Each must find a way to build a life out of chaos.
But what happens when the ties that bind become the thing that holds you back?
Inextricably linked by blood, all they have is each other.
Kathryn O'Reilly's second play published by Nick Hern Books is a stark, bold, powerful and poetic drama looking at the effects on adult life of childhood trauma and the cycles of drug abuse.
Trigger warnings: Features strong language and scenes of an upsetting nature
James HeraclesPerformance date: Friday 22 November 2019
Poisoned Polluted is a new one act play performed in the cosy space of the Old Red Lion's upstairs theatre.
We meet two sisters who flit backwards and forwards between present and past, remembering and reliving previous joys and horrors and struggling to keep the legacy of a drug addicted mother and an abusive father from polluting their lives.
Kathryn O' Reilly plays the older sister burdened with her memories and her need to protect her younger sister.
Anna Doolan, plays the sister and her struggle to support her sibling to get off drugs.
Their memories are ambivalent and constantly being renegotiated.
This is a powerful play that takes the audience on a rollercoaster ride through the push and pull, hopes and losses and realities of a life of addiction and it's devastating impact on family members.
Ms O'Reilly plays two superb silent scenes where clever movement direction (from Sophie Shaw) conveys first the highs of heroin and then withdrawal.
The dialogue is quick fire and oscillates between hope and playfulness to distress, anger and despair.

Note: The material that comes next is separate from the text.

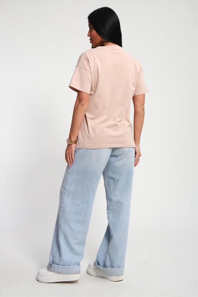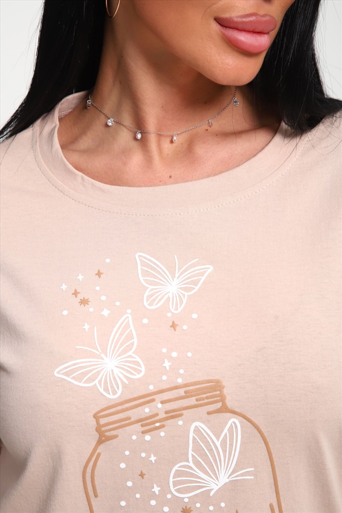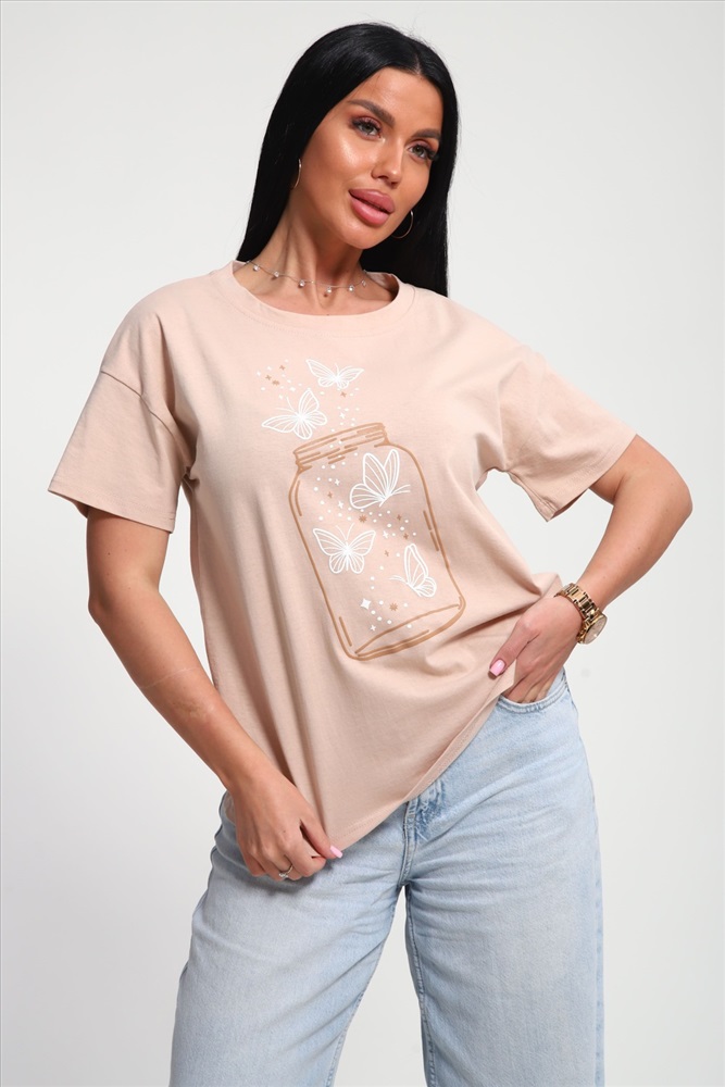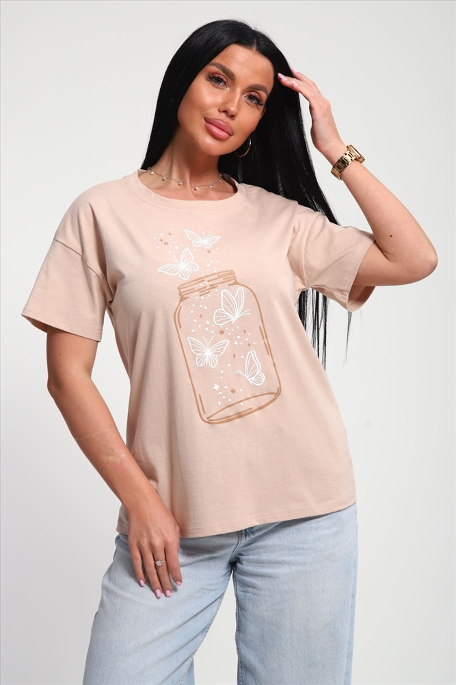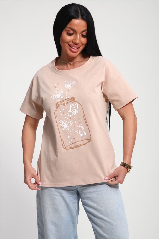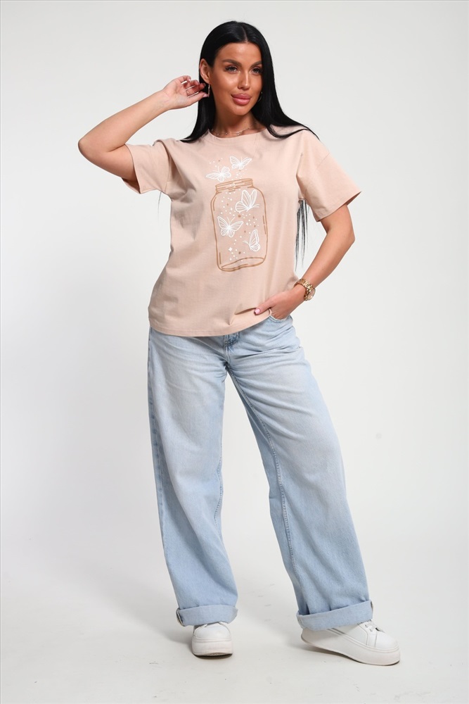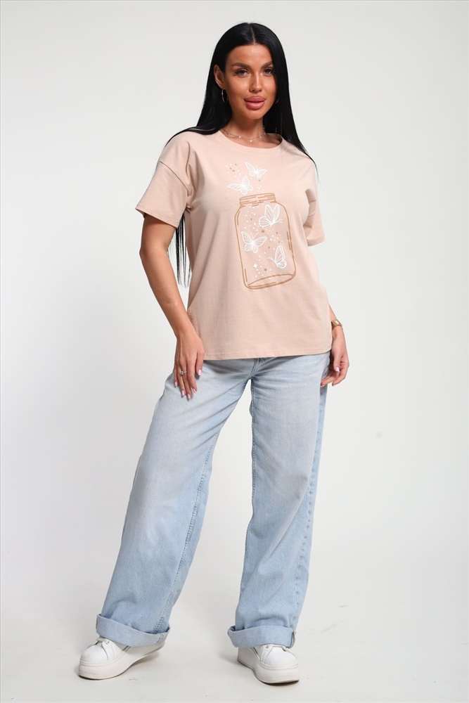 Застежка: без застежки Футболка женская из гладкокрашенного трикотажа, хлопок 100%. Прямого силуэта, свободного облегания. горловина круглой формы. Рукав короткий. Низ изделия прямой. На полочке объемный принт, шелкография.

Ms Doolan engages the audience bringing them into the narrative whether it be in a dingy flat or in the local park, which is conveyed by a clever set (by Mayo Trikerioti) that shows the fragmented memories through peeling pictures of trees on A4 paper.
Ms Doolan does some wonderful emotional acrobatics flitting from joy to anxiety and from childhood to adulthood.
Kathryn O'Reilly's acting brings intensity and Ms Doolan has a versatility that suggests she is going places!
Ultimately this is a play that strips away any illusion of glamour associated with addiction, and it shines a bright light on the transgenerational family impact of abuse and addiction.
Definitely a must see play for anyone studying these things.
This is a one act play so plenty of time afterwards for a drink and have a hearty discussion about the issues.